--- START ---
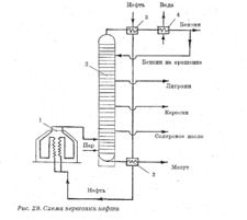 Перегонка нефти производится на атмосферных или атмосферно-вакуумных установках, состоящих их трубчатой печи 1, ректификационной колонны 2, теплообменников 3, насосов и других аппаратов.
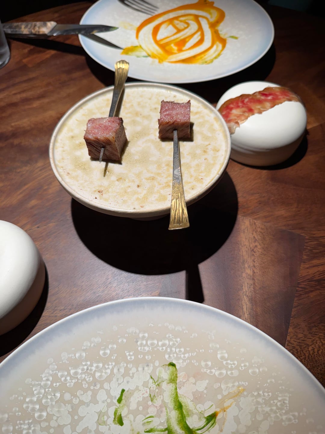 The next couple of seafood bites were pretty forgettable as well honestly. Pretty bland raw fish followed by an odd oyster course with a lot of texture, but was too sweet. Then the chawanmushi as New England clam chowder was interesting; my wife loved it but I liked the bread that came with it more. I found the “chowder” to be too salty.
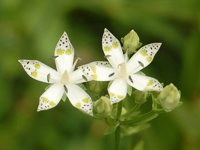 花の色は淡い紫色ないし白で、横向きないし下向きに小さな花をつける。
--- END ---
Transcribe the listing above verbatim. No picture belongs in the result.

 Перегонка нефти производится на атмосферных или атмосферно-вакуумных установках, состоящих их трубчатой печи 1, ректификационной колонны 2, теплообменников 3, насосов и других аппаратов.
 The next couple of seafood bites were pretty forgettable as well honestly. Pretty bland raw fish followed by an odd oyster course with a lot of texture, but was too sweet. Then the chawanmushi as New England clam chowder was interesting; my wife loved it but I liked the bread that came with it more. I found the “chowder” to be too salty.
 花の色は淡い紫色ないし白で、横向きないし下向きに小さな花をつける。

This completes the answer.